Оптимизм эмиграции не поколебался даже после прямых указаний на неготовность красной армии к антисоветским выступлениям, полученных от приехавшего в Лондон в 1921 г. начальника Морской академии А. Н. Крылова (запись в дневнике Савича от 12 июля). По его оценке «дисциплина в красной армии превосходная, государственный аппарат очень крепок», хотя «производительность доведена до низкого уровня, города вымирают и предстоит страшный голод». Но «нет надежды, чтобы страна собственной силой сбросила режим». Кроме того, как отмечал академик, «среди офицерства, особенно штабного, весьма отрицательное отношение ко всему Белому движению, отношение, граничащее с ненавистью». Подобные сведения сообщались и в письмах, получаемых эмигрантами из Советской России: «Настроение в России скверное для нас. Недовольны большевиками, но довольны, что нет царя, нет панов, нет буржуев, что они – низы – правят и составляют господствующее сословие, старого порядка не хотят ни под каким соусом, стали определенными республиканцами». Более очевидными для тех, кто сообщал сведения из РСФСР эмигрантам, представлялись разногласия внутри правящей партии: «Кроме сплоченного когда-то ядра, в партию проникло много постороннего элемента, ей органически враждебного. Это грабители по натуре, шкурники, политические противники, пошедшие в партию, чтобы разлагать ее изнутри».
Однако «большевики сознают эту опасность и предпринимают «чистку партии». Многие в эмиграции были уверены в том, что НЭП обусловлен влиянием «соглашательской» позиции, свойственной «группе Ленина – Красина» (якобы «франкофилы»), тогда как «Троцкий и военное его окружение», не говоря уже о группе «Дзержинский и ЧК» (якобы «германофилы») выступают «против всяких уступок, против концессий иностранцам и «нового курса».
И все же (по записям Савича от 20 сентября 1921 г. и 11 марта 1922 г.) «правительственный аппарат еще силен, власти на местах ему подчиняются. Большевики обладают силой воли, еще непоколебимой, сильной жаждой власти и стремлением к борьбе. Они не падут сами собой, если их не сбросят силой…, внутреннего недовольства мало, нужен толчок извне». «Ненависть (крестьян) активна, но они слабы числом, разрозненны и безоружны. Крестьянство считает себя виновным в том, что свергло Царя, что допустило убийство Государя и его родных». Однако говорить о возврате к монархии в результате успешного антибольшевистского восстания было бы преждевременно.

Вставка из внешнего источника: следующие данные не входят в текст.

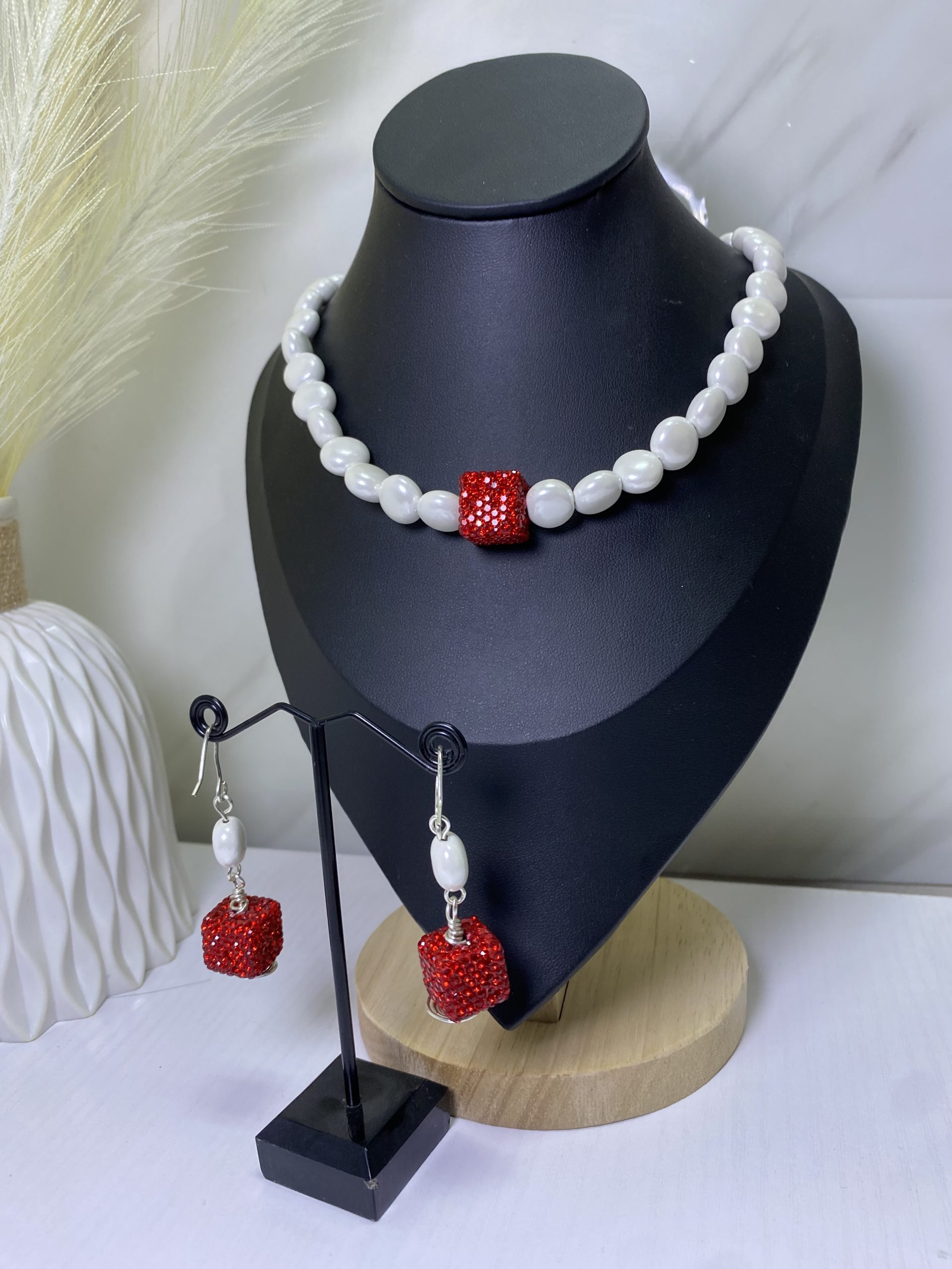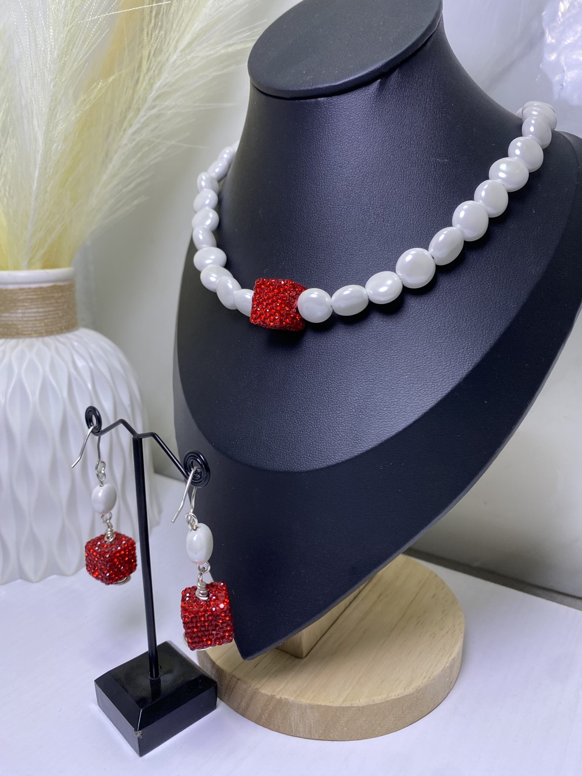 • Pearl statement necklace with red crystal centerpiece

Хотя «вся страна объединена общей ненавистью к большевистской власти», «отсутствует организованное общественное мнение и партии», «замечается полное неумение вести конспиративную работу, благодаря чему большевики легко предупреждают всякую попытку борьбы». «Романовы мало популярны, и поэтому сейчас идти в Россию с определенным именем было бы большой ошибкой. Имя должно быть провозглашено на Учредительном Собрании… Неизбежна военная диктатура, но нужно, чтобы будущий диктатор заявил о своем отказе добиваться или принимать верховную власть, если ее ему предложат». Для 1921–1922 гг. был очевиден также заметный «рост религиозного настроения», связанного с развернутой кампанией по «изъятию церковных ценностей» и гонениями на Святейшего Патриарха Тихона, имеющего «громадный авторитет».
В условиях тяжелого сельскохозяйственного кризиса, страшного голода, охватившего российские губернии летом 1921 г., начал свою работу Всероссийский общественный Комитет помощи голодающим (Всеропомгол). В его состав входили бывшие участники либерального движения, деятели кадетской партии, супруги С. Н. Прокопович и Е. Д. Кускова, Н. М. Кишкин. Несмотря на подчеркнутую аполитичность, его члены не исключали существенной эволюции режима в сторону «термидора», политического переворота, обеспечивающего даже возвращение «буржуазного строя». «Голод начинает разрушать советскую власть вернее белых армий и интервенции, – отмечал в своем дневнике Савич, – под угрозой неслыханного ужаса, надвигающегося на Поволжье, начинается ряд уступок, которые в корне разрушат основы советской власти. К продовольственной кампании приглашают старых земцев – бывший цензовый элемент».